- [The problem]
Would you give the listing back word for word once its pictures are removed?

- [Supplied information]
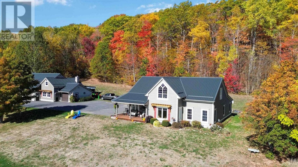 From the moment you step inside, its clear this isnt your average country home. Thoughtfully designed, this 12.5-acre Annapolis Valley property overlooks sweeping apple orchards and reaches as far as the Acadia tower. The kitchen features birch cabinetry, warm wood countertops, beadboard ceiling, authentic wood beams and modern appliances with a timeless, vintage aesthetic. The living room offers a south-facing window seat, where you can take in the spectacular view. A comfortable sitting room with a propane stove and stone fireplace is the ideal spot to end a busy day. Through the walk-through closet, you'll discover the main floor bedroom with skylight and full bath complete with corner soaker tub. This level also includes a half bath, walk-in storage, and laundry room with a custom concrete sink. Upstairs, a family room with a cathedral tin ceiling and an arched south-facing window continues the sense of space and light. Two generous bedrooms and another full bath complete this level. The 4-car (approx. 2000 sq ft) garage opens up a world of possibilities for vehicles, equipment, or creative projects. The newer barn features 5 run-out box stalls, wired for heated water buckets, an insulated tack room with water hydrant and tub and smart design that allows for excellent air flow. Hay storage room holds over 200 square bales, and the 2+ acre fenced pasture gives your minis or small livestock plenty of space to roam. (Electric fencing and fencer excluded.) It would be very difficult to find another property more perfectly suited for mini-livestock. Constructed with ICF for efficiency and durability, the home is kept cozy through propane-fired, in-floor radiant heat, while central AC ensures comfort through the warmer months.The fully owned 24-panel, 9kW solar system keeps operating costs low. Whether your dream is to keep mini-equine, hobby farming, or simply wake up every day to one of the most breathtaking Valley views around, this is a home that offers it (id:6289)
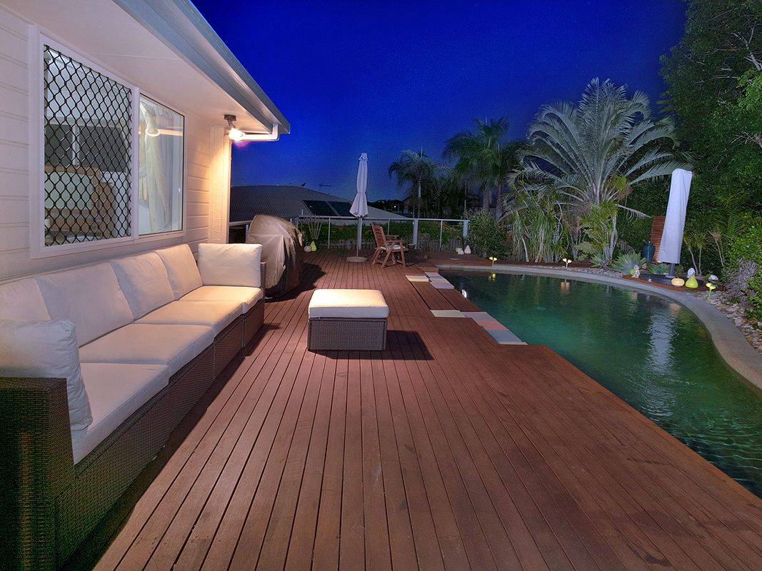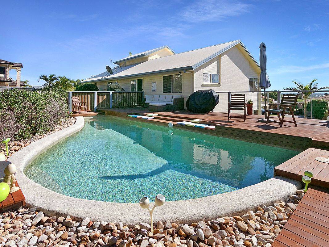 There is a private lagoon-style salt water inground pool in a tropical setting with sea views from the deck, adjoining the extensive backyard, plenty of room for children and pets to play, and side access for your boat or caravan.
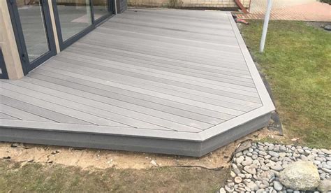 - Rekomenduojamas 2-5 cm tarpas tarp terasos konstrukcijos ir pastato sienos.

- [Reply to the exercise]
 From the moment you step inside, its clear this isnt your average country home. Thoughtfully designed, this 12.5-acre Annapolis Valley property overlooks sweeping apple orchards and reaches as far as the Acadia tower. The kitchen features birch cabinetry, warm wood countertops, beadboard ceiling, authentic wood beams and modern appliances with a timeless, vintage aesthetic. The living room offers a south-facing window seat, where you can take in the spectacular view. A comfortable sitting room with a propane stove and stone fireplace is the ideal spot to end a busy day. Through the walk-through closet, you'll discover the main floor bedroom with skylight and full bath complete with corner soaker tub. This level also includes a half bath, walk-in storage, and laundry room with a custom concrete sink. Upstairs, a family room with a cathedral tin ceiling and an arched south-facing window continues the sense of space and light. Two generous bedrooms and another full bath complete this level. The 4-car (approx. 2000 sq ft) garage opens up a world of possibilities for vehicles, equipment, or creative projects. The newer barn features 5 run-out box stalls, wired for heated water buckets, an insulated tack room with water hydrant and tub and smart design that allows for excellent air flow. Hay storage room holds over 200 square bales, and the 2+ acre fenced pasture gives your minis or small livestock plenty of space to roam. (Electric fencing and fencer excluded.) It would be very difficult to find another property more perfectly suited for mini-livestock. Constructed with ICF for efficiency and durability, the home is kept cozy through propane-fired, in-floor radiant heat, while central AC ensures comfort through the warmer months.The fully owned 24-panel, 9kW solar system keeps operating costs low. Whether your dream is to keep mini-equine, hobby farming, or simply wake up every day to one of the most breathtaking Valley views around, this is a home that offers it (id:6289)
 There is a private lagoon-style salt water inground pool in a tropical setting with sea views from the deck, adjoining the extensive backyard, plenty of room for children and pets to play, and side access for your boat or caravan.
 - Rekomenduojamas 2-5 cm tarpas tarp terasos konstrukcijos ir pastato sienos.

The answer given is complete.